▶ _Information provided_:
Content starts
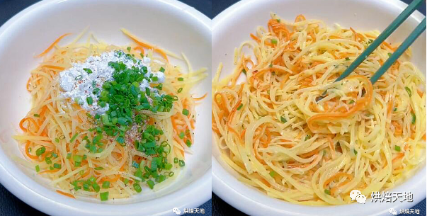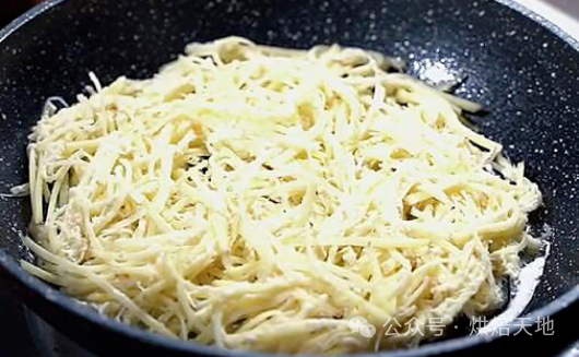 ☆土豆丝尽量切细一点,这样煎的时候更快。
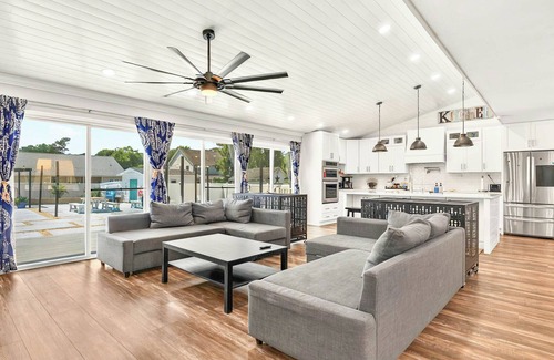This beautiful rental property is just 15 minutes from the beach offering the perfect getaway for large groups. With a private pool for relaxation and fun, the spacious home comfortably sleeps up to 12 guests. The large kitchen makes it easy to prepare meals for everyone, whether you're cooking together or hosting a special gathering. The home is also animal-friendly, so your furry friends are welcome. Enjoy the ideal blend of comfort, convenience, and location for an unforgettable vacation!
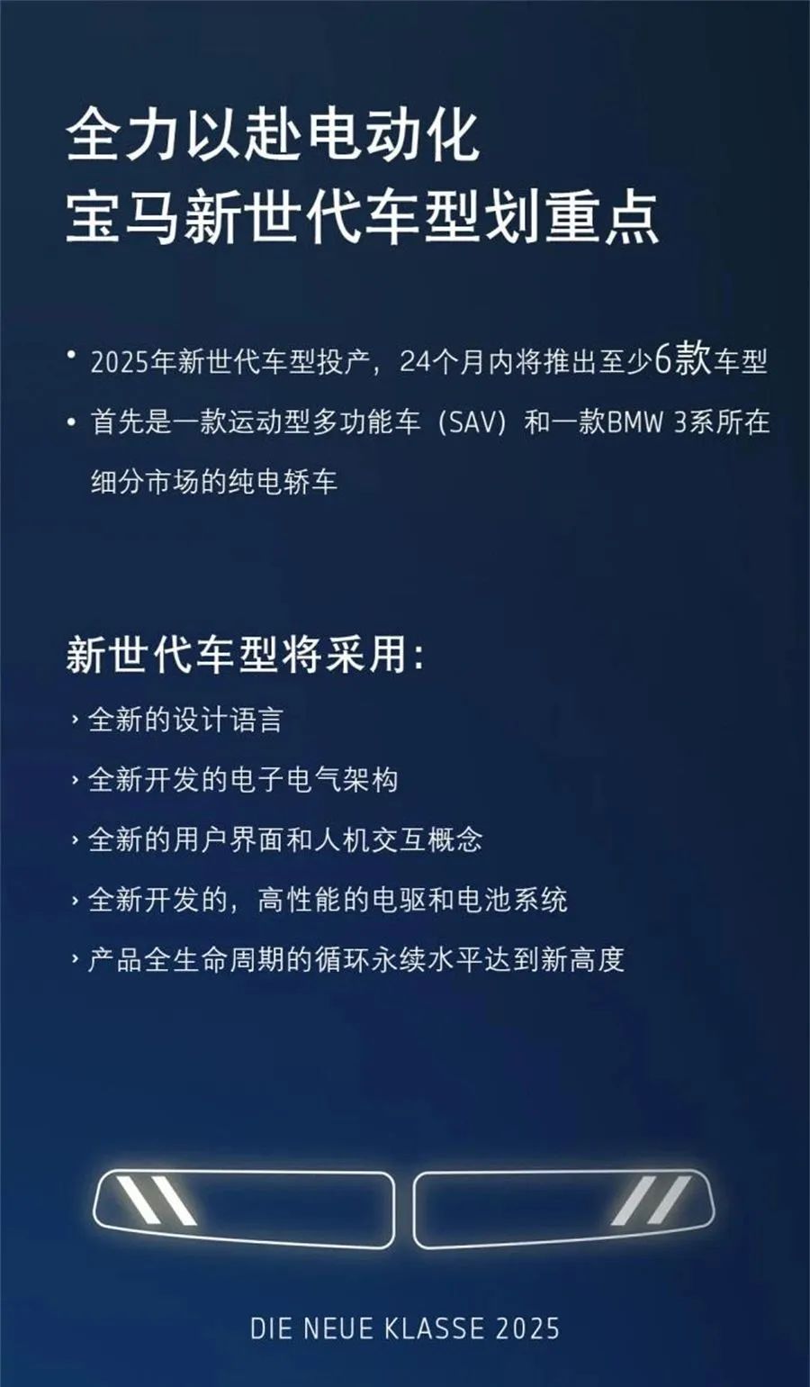 值得一提的是,在本次财报年会上,宝马集团还首次披露了其新世代车型的产品规划。按照计划,宝马集团将从2025年下半年开始投产新世代车型,走量车型将打头阵。在随后的24个月内,将有至少6款新世代车型实现量产。包括一款运动型多功能车(SAV)和一款BMW 3系所在细分市场的纯电轿车。也就是说,新世代车型的首发阵容将专注在宝马品牌的核心细分市场。
Content ends
▶ _Aim of the exercise_: Please write out all of the material above without changing a word, and omit any pictures.

▶ _Output for this task_:
 ☆土豆丝尽量切细一点,这样煎的时候更快。
This beautiful rental property is just 15 minutes from the beach offering the perfect getaway for large groups. With a private pool for relaxation and fun, the spacious home comfortably sleeps up to 12 guests. The large kitchen makes it easy to prepare meals for everyone, whether you're cooking together or hosting a special gathering. The home is also animal-friendly, so your furry friends are welcome. Enjoy the ideal blend of comfort, convenience, and location for an unforgettable vacation!
 值得一提的是,在本次财报年会上,宝马集团还首次披露了其新世代车型的产品规划。按照计划,宝马集团将从2025年下半年开始投产新世代车型,走量车型将打头阵。在随后的24个月内,将有至少6款新世代车型实现量产。包括一款运动型多功能车(SAV)和一款BMW 3系所在细分市场的纯电轿车。也就是说,新世代车型的首发阵容将专注在宝马品牌的核心细分市场。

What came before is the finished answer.